(RECORD EXTRACTS)
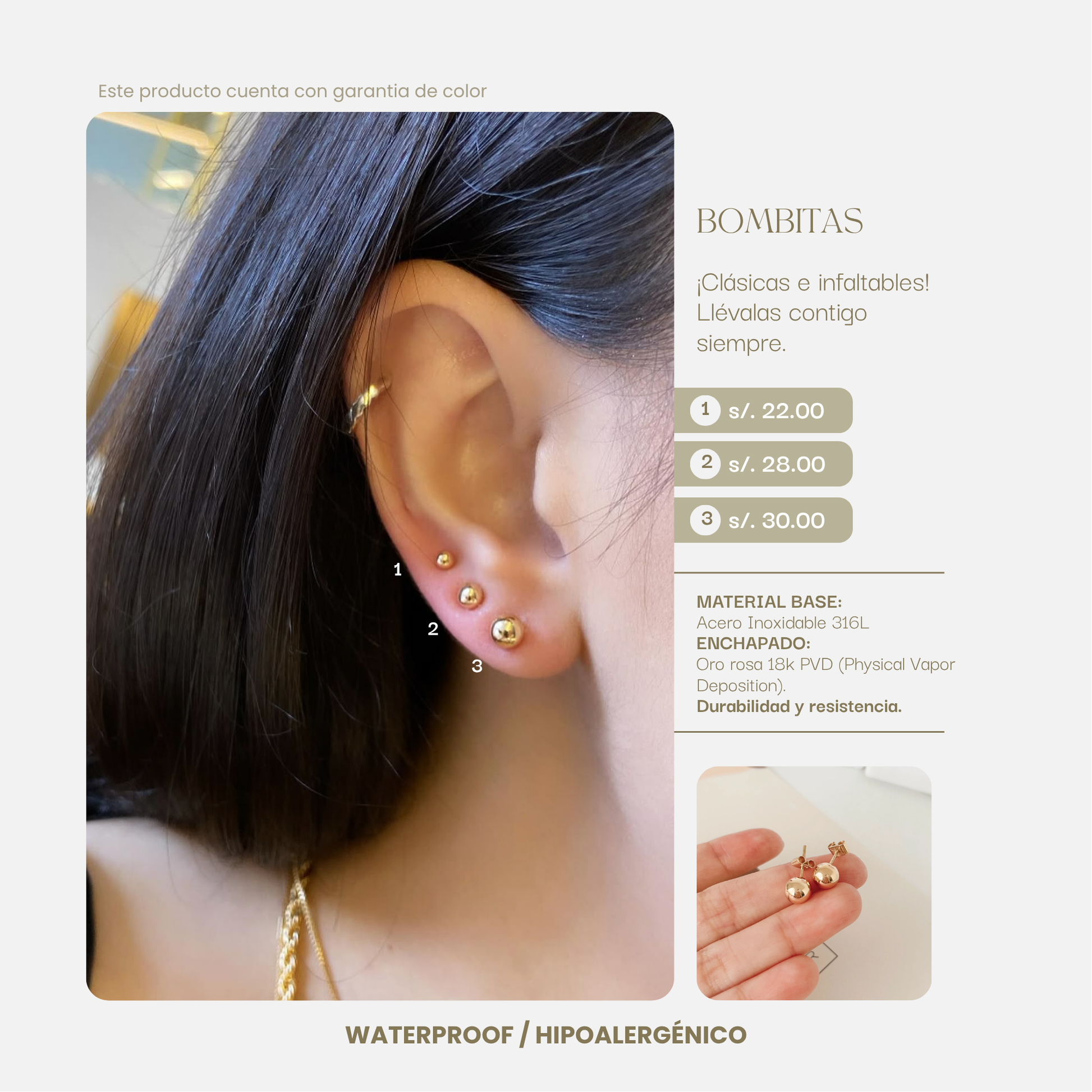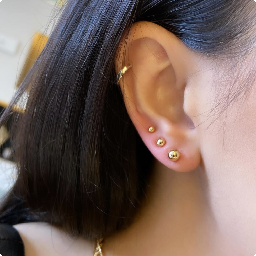 Delicadas y lindas. Bombitas en acero gold rosé de tamaño mini.
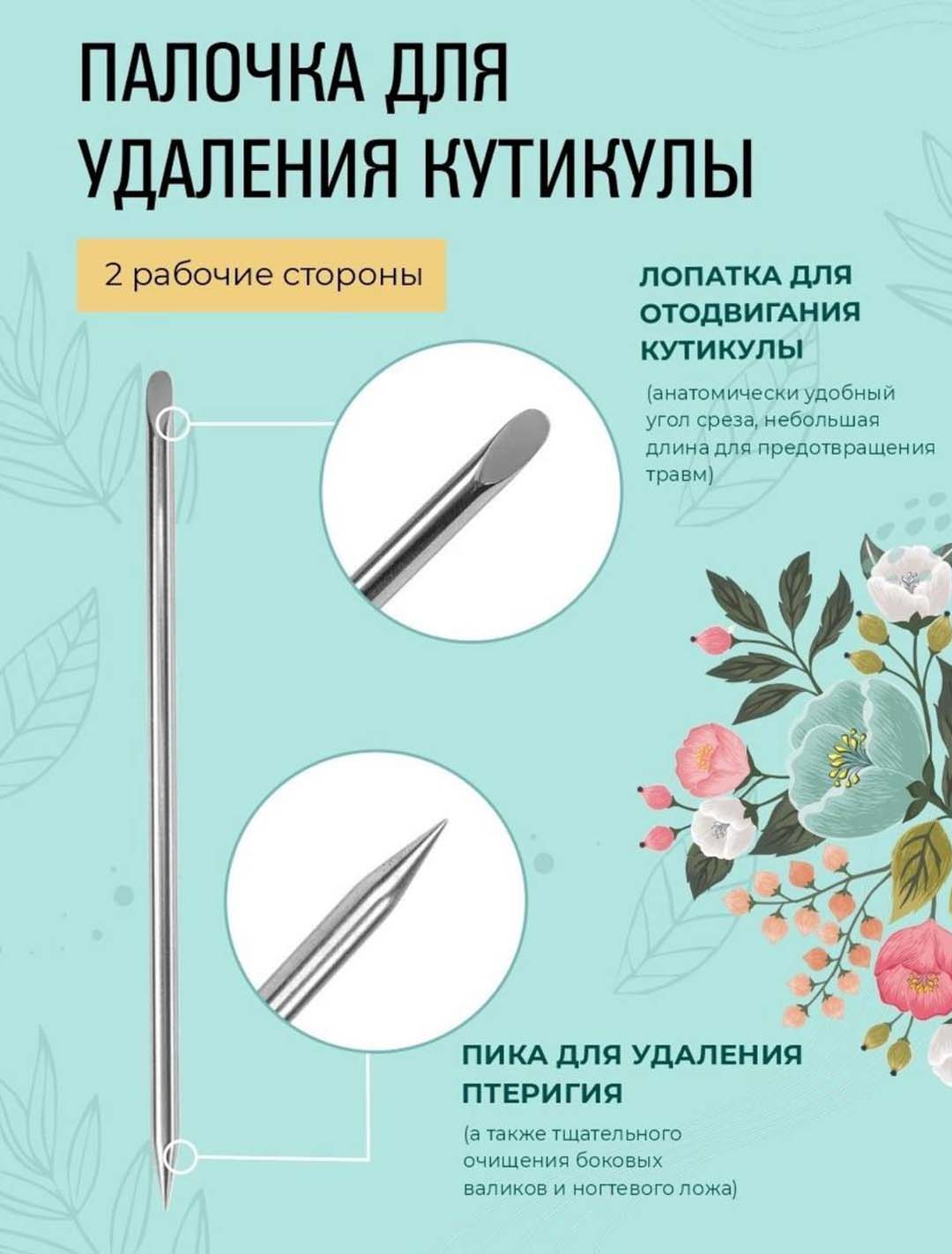 Фирмы «СТАЛЕКС» и «YKO» зарекомендовали свою продукцию, как одни из самых лучших на рынке, инструмент их производства с набором «прямой+скошенный пушер» станет отличной усовершенствованной заменой апельсиновой палочке в работе с кутикулой и птеригием.
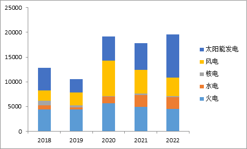 2018、2019兩年新增裝機規(guī)模連續(xù)下滑。2020年,在水電、風電、太陽能發(fā)電裝機高速增長的帶動下,新增裝機容量大幅提升。2021年受火電、風電新增裝機容量減少的影響,整體新增規(guī)模同比出現(xiàn)下滑。2022年,在火電、核電、風電新增裝機增速負增長情況下,太陽能發(fā)電新增裝機容量增速達約60%,拉高全年新增裝機增速。
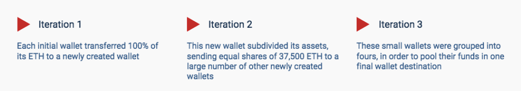 “Following the money, we discovered that these transactions didn’t settle in the first wallets but underwent 313 before eventually landing in 39 wallets.”
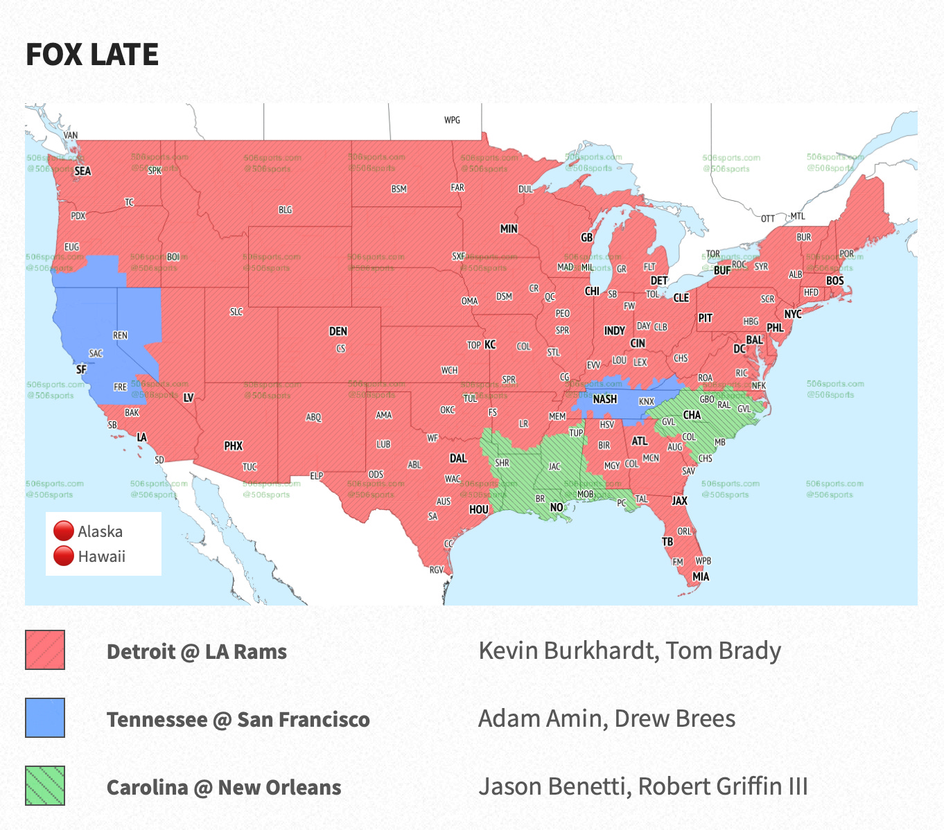 Panthers/Saints and 49ers/Titans air regionally, while the rest of the country is treated to Lions/Rams.
(End RECORD EXTRACTS)
== TASK STATEMENT ==
Each line of the listing is to be retyped exactly, and its pictures are to be dropped.

== SOLUTION FOR THIS TASK ==
 Delicadas y lindas. Bombitas en acero gold rosé de tamaño mini.
 Фирмы «СТАЛЕКС» и «YKO» зарекомендовали свою продукцию, как одни из самых лучших на рынке, инструмент их производства с набором «прямой+скошенный пушер» станет отличной усовершенствованной заменой апельсиновой палочке в работе с кутикулой и птеригием.
 2018、2019兩年新增裝機規(guī)模連續(xù)下滑。2020年,在水電、風電、太陽能發(fā)電裝機高速增長的帶動下,新增裝機容量大幅提升。2021年受火電、風電新增裝機容量減少的影響,整體新增規(guī)模同比出現(xiàn)下滑。2022年,在火電、核電、風電新增裝機增速負增長情況下,太陽能發(fā)電新增裝機容量增速達約60%,拉高全年新增裝機增速。
 “Following the money, we discovered that these transactions didn’t settle in the first wallets but underwent 313 before eventually landing in 39 wallets.”
 Panthers/Saints and 49ers/Titans air regionally, while the rest of the country is treated to Lions/Rams.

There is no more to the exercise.